TASK PROMPT — Where a picture appears, omit it; repeat everything else in the records exactly.
*** Begin section ***
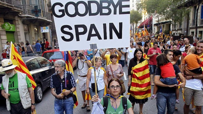 Женщины на митинге во имя независимости Каталонии от Испании, октябрь 2017 года.
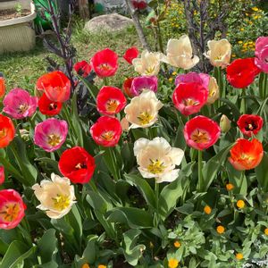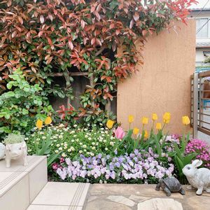 花壇のチューリップが満開になりました🌷 毎年少しずつ増やしたい .。.:*☆
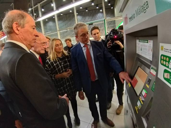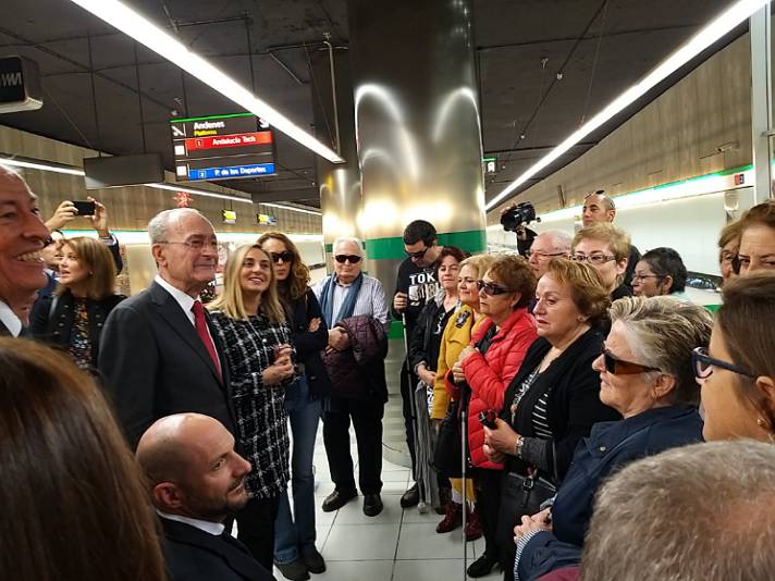 La consejera de Fomento, Infraestructuras y Ordenación del Territorio, Marifrán Carazo, ha acompañado, junto al alcalde de Málaga, Francisco de la Torre, a esta representación de la ONCE y ha aprovechado para informar de los últimos hitos del Metro de Málaga: la finalización de las excavaciones del segundo nivel del túnel entre Guadalmedina y Atarazanas y el establecimiento de un nuevo récord de viajeros en un día, registrado el pasado viernes coincidiendo con la celebración del Black Friday. Marifrán Carazo ha recibido en la estación de metro de El Perchel a una representación de la ONCE encabezada por su delegado territorial en Andalucía, Cristóbal Martínez. La jornada ha seguido en metro hasta la estación de Barbarela, donde se han comprobado las medidas implantadas en materia de accesibilidad tanto en las estaciones como en los trenes. El Metro de Málaga se convirtió en 2018 en el primer suburbano de España en conseguir la certificación AENOR en la gestión de la accesibilidad universal. No se trata solamente de la eliminación de las barreras arquitectónicas, sino de un nuevo concepto de accesibilidad en el que la organización del metro se adapta para dar servicio a todos los usuarios, con independencia de las características o diversidades funcionales que puedan tener. La concesionaria cuenta con un departamento de Accesibilidad, Medio Ambiente e I+D+i, que ha dotado de personal específico y de presupuesto propio. Entre las medidas aplicadas, Metro de Málaga utiliza bandas con contraste de color en diferentes elementos de las estaciones, de manera que se da mayor visibilidad para ayudar al tránsito de usuarios hacia los trenes o hacia las salidas de las estaciones. También se han instalado algunos elementos específicos como apoyos isquiáticos, puertas de apertura automática en la oficina de atención al cliente, situada en la estación El Perchel o la instalación de bucles de inducción magnética.
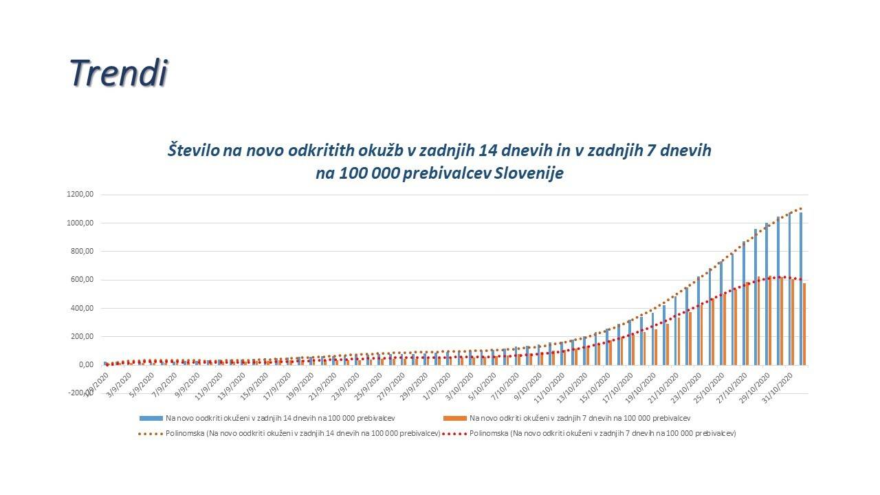 Kacin je uvodoma predstavil nove podatke obolelosti z novim koronavirusom. V zadnjem dnevu smo ob 4587 testih potrdili 1176 novih okužb, delež pozitivnih je pri tem 25,6-odstoten. V bolnišnicah je zaradi koronavirusa trenutno hospitaliziranih 925 pacientov, 146 jih je na intenzivni enoti. Iz bolnišnice je bilo včeraj odpuščenih 57 oseb, 24 oseb pa je zaradi bolezni umrlo. Skupno število umrlih danes znaša že 212.
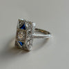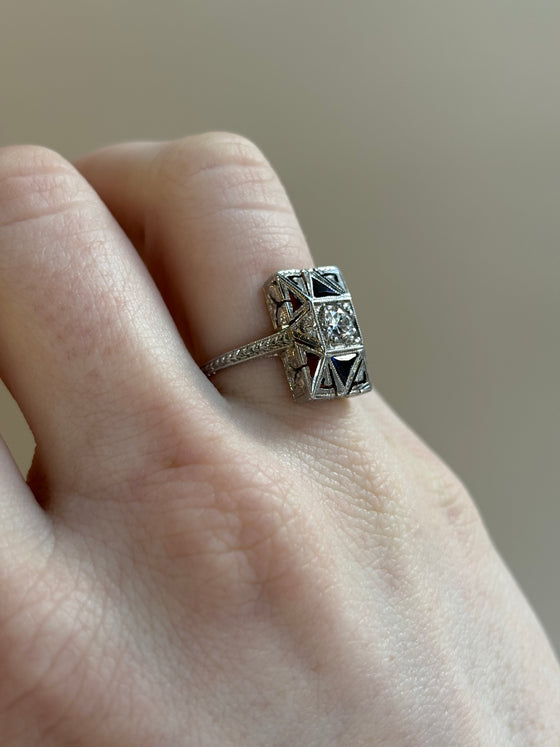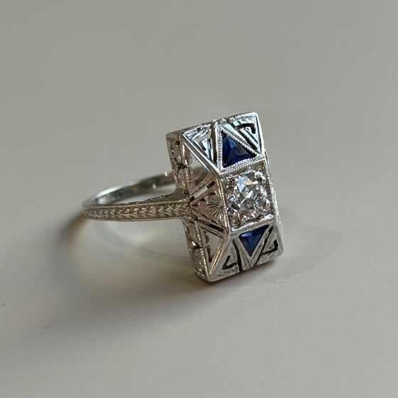 This 20k white gold Art Deco diamond & sapphire ring weighs 4.1 grams and showcases a beautiful, hand-sawn design. It features a 0.30 carat Old European cut diamond center, and two triangle-shaped blue sapphires, that total 0.80 carats. This ring includes an appraisal (#001-38791-001).
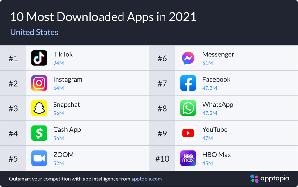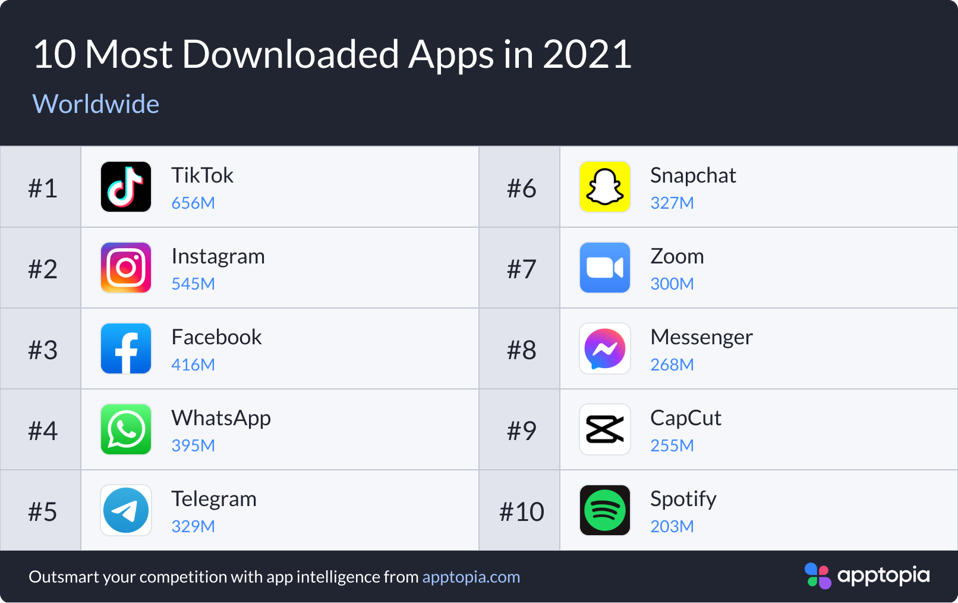 Here are the top 10 globally most-download apps of 2021:
*** End section ***
RESPONSE TO THE EXERCISE —
 Женщины на митинге во имя независимости Каталонии от Испании, октябрь 2017 года.
 花壇のチューリップが満開になりました🌷 毎年少しずつ増やしたい .。.:*☆
 La consejera de Fomento, Infraestructuras y Ordenación del Territorio, Marifrán Carazo, ha acompañado, junto al alcalde de Málaga, Francisco de la Torre, a esta representación de la ONCE y ha aprovechado para informar de los últimos hitos del Metro de Málaga: la finalización de las excavaciones del segundo nivel del túnel entre Guadalmedina y Atarazanas y el establecimiento de un nuevo récord de viajeros en un día, registrado el pasado viernes coincidiendo con la celebración del Black Friday. Marifrán Carazo ha recibido en la estación de metro de El Perchel a una representación de la ONCE encabezada por su delegado territorial en Andalucía, Cristóbal Martínez. La jornada ha seguido en metro hasta la estación de Barbarela, donde se han comprobado las medidas implantadas en materia de accesibilidad tanto en las estaciones como en los trenes. El Metro de Málaga se convirtió en 2018 en el primer suburbano de España en conseguir la certificación AENOR en la gestión de la accesibilidad universal. No se trata solamente de la eliminación de las barreras arquitectónicas, sino de un nuevo concepto de accesibilidad en el que la organización del metro se adapta para dar servicio a todos los usuarios, con independencia de las características o diversidades funcionales que puedan tener. La concesionaria cuenta con un departamento de Accesibilidad, Medio Ambiente e I+D+i, que ha dotado de personal específico y de presupuesto propio. Entre las medidas aplicadas, Metro de Málaga utiliza bandas con contraste de color en diferentes elementos de las estaciones, de manera que se da mayor visibilidad para ayudar al tránsito de usuarios hacia los trenes o hacia las salidas de las estaciones. También se han instalado algunos elementos específicos como apoyos isquiáticos, puertas de apertura automática en la oficina de atención al cliente, situada en la estación El Perchel o la instalación de bucles de inducción magnética.
 Kacin je uvodoma predstavil nove podatke obolelosti z novim koronavirusom. V zadnjem dnevu smo ob 4587 testih potrdili 1176 novih okužb, delež pozitivnih je pri tem 25,6-odstoten. V bolnišnicah je zaradi koronavirusa trenutno hospitaliziranih 925 pacientov, 146 jih je na intenzivni enoti. Iz bolnišnice je bilo včeraj odpuščenih 57 oseb, 24 oseb pa je zaradi bolezni umrlo. Skupno število umrlih danes znaša že 212.
 This 20k white gold Art Deco diamond & sapphire ring weighs 4.1 grams and showcases a beautiful, hand-sawn design. It features a 0.30 carat Old European cut diamond center, and two triangle-shaped blue sapphires, that total 0.80 carats. This ring includes an appraisal (#001-38791-001).
 Here are the top 10 globally most-download apps of 2021:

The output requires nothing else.